I belong to a group on Facebook of Responsible Firearm Owners in Northern Nevada. There are many members ranging from firearm instructors to complete novices. It’s a safe place where people can ask questions and discuss firearm related issues. Recently a woman wrote a post asking for the best way to carry a concealed firearm when she has a three year old and a seven month old. There was a lengthy conversation which was informative and useful.  At one point the woman felt comfortable enough to reveal her maiden name and it rocked my world.

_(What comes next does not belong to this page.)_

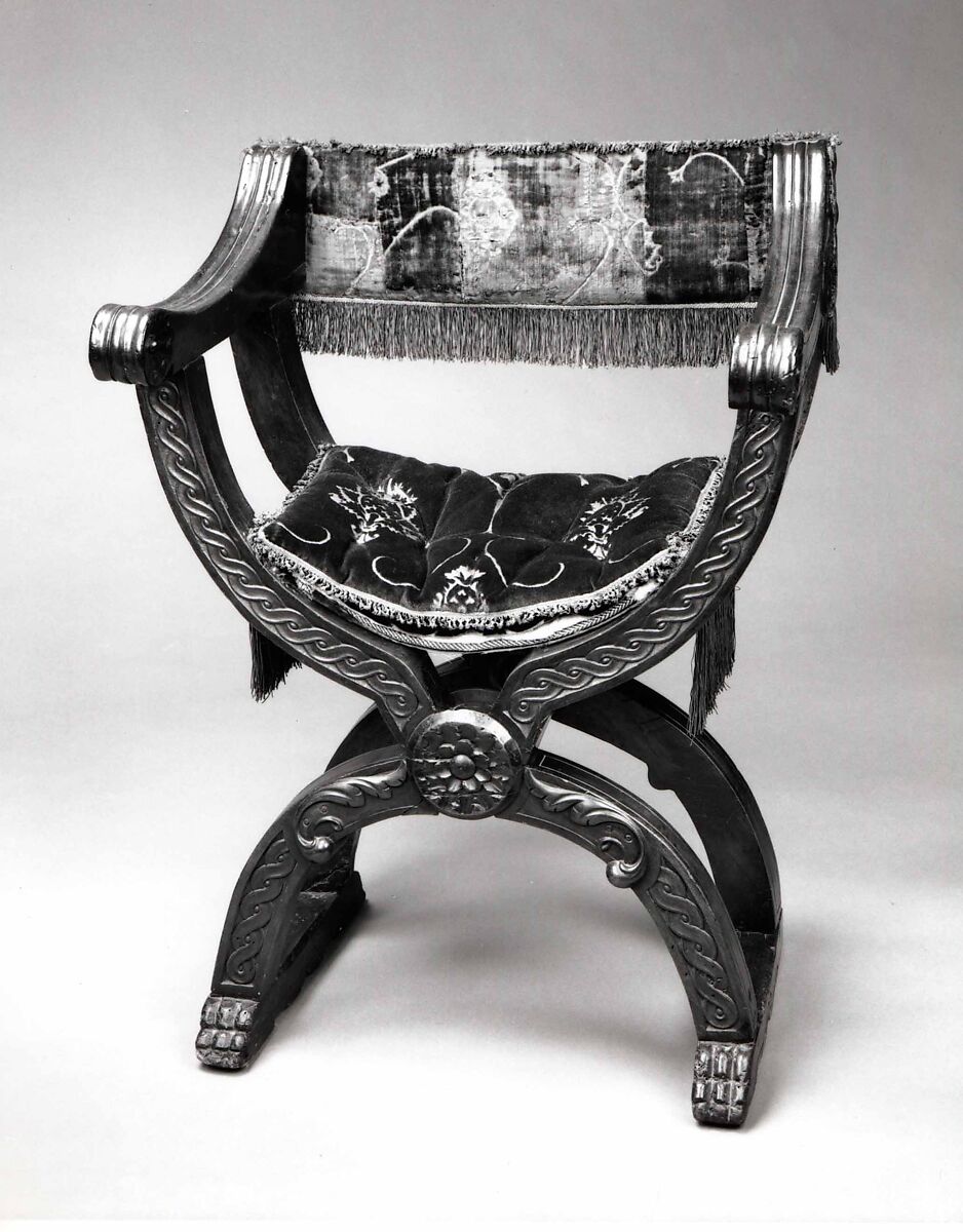 - Medium: Walnut, carved; silk cut velvet, metal.

It was Amanda Collins. For those of you who don’t know, Amanda was raped in the UNR parking garage less than 50 feet from the campus police station. Amanda had a second-degree black belt and a concealed firearms license. The man who raped her went on to rape and murder Brianna Dennison. So why wasn’t Amanda able to defend herself with all of her skills and training? She had crossed an arbitrary line that made carrying a firearm illegal. Of course her attacker had no such respect for the law and held her at gunpoint while he brutally raped her.

I can’t walk by that parking garage without thinking about it. It tears me apart when I think about how we failed her as a society. We legislated out her ability to defend herself and we should be ashamed. We created a place where criminals have no fear. There’s no one to fight back. They can rape and kill at will while the true first responders, the ones involved, can do nothing about it. We took away her safety so that someone else could “feel” safe.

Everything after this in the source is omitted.